Activation of the transcription factor nuclear factor-kappaB (NF-kappaB) has been suggested to participate in chronic disorders, such as diabetes and its complications. In contrast to the short and transient activation of NF-kappaB in vitro, we observed a long-lasting sustained activation of NF-kappaB in the absence of decreased IkappaBalpha in mononuclear cells from patients with type 1 diabetes. This was associated with increased transcription of NF-kappaBp65. A comparable increase in NF-kappaBp65 antigen and mRNA was also observed in vascular endothelial cells of diabetic rats. As a mechanism, we propose that binding of ligands such as advanced glycosylation end products (AGEs), members of the S100 family, or amyloid-beta peptide (Abeta) to the transmembrane receptor for AGE (RAGE) results in protein synthesis-dependent sustained activation of NF-kappaB both in vitro and in vivo. Infusion of AGE-albumin into mice bearing a beta-globin reporter transgene under control of NF-kappaB also resulted in prolonged expression of the reporter transgene. In vitro studies showed that RAGE-expressing cells induced sustained translocation of NF-kappaB (p50/p65) from the cytoplasm into the nucleus for >1 week. Sustained NF-kappaB activation by ligands of RAGE was mediated by initial degradation of IkappaB proteins followed by new synthesis of NF-kappaBp65 mRNA and protein in the presence of newly synthesized IkappaBalpha and IkappaBbeta.
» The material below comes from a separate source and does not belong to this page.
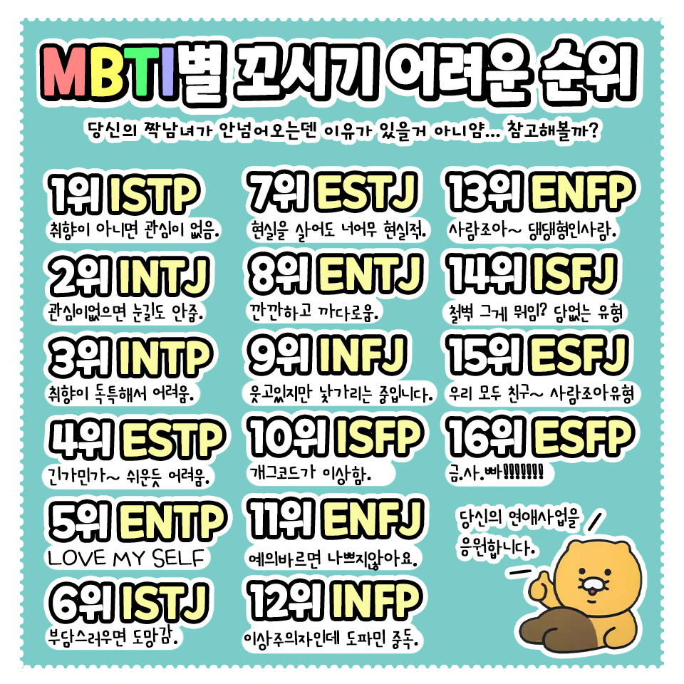 [흥미돋]MBTI별 꼬시기 어려운 순위.jpg 작성자믹키유천|작성시간23.10.23|조회수15,470 목록 댓글 42 글자크기 작게가 글자크기 크게가 출처 : 여성시대 (믹키유천)락싸펌MBTI별 꼬시기 어려운 순위.jpgㅋㅋㅋㅋㅋ락싸 이거가져다 분석하고있노 다음검색 현재 게시글 추가 기능 열기 북마크 공유하기 신고 센터로 신고 댓글 댓글 42 댓글쓰기 답글쓰기 댓글 리스트 작성자뿔버섯. | 작성시간 23.10.24 내 까다로운 취향에 맞춰 구겨져 들어와보걸아 작성자알려줘요생생정보 | 작성시간 23.10.24 사람좋아댕댕이어도 남잔달라ㅋㅋ웃고노는게좋은거라서 그와중에 인성보고 손절침 작성자비나리야 | 작성시간 23.10.24 엔티제가 저 순위인건 말도 안 됨 ㅋㅋ 얼마나 철벽인데 작성자윤마리 | 작성시간 23.10.24 엣프피 꼴찌노.. 작성자선릉역매운떡볶이 | 작성시간 23.10.24 16등.. 금사빠 맞아요 ㅋㅋㅋㅋㅋㅋㅋㅋㅋㅋㅋㅋㅋㅋ 댓글 전체보기
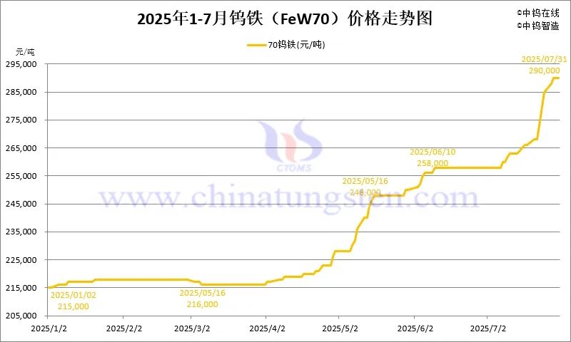 3.4 2025年7月份钨铁(FeW70)价格走势图

These data demonstrate that ligands of RAGE can induce sustained activation of NF-kappaB as a result of increased levels of de novo synthesized NF-kappaBp65 overriding endogenous negative feedback mechanisms and thus might contribute to the persistent NF-kappaB activation observed in hyperglycemia and possibly other chronic diseases.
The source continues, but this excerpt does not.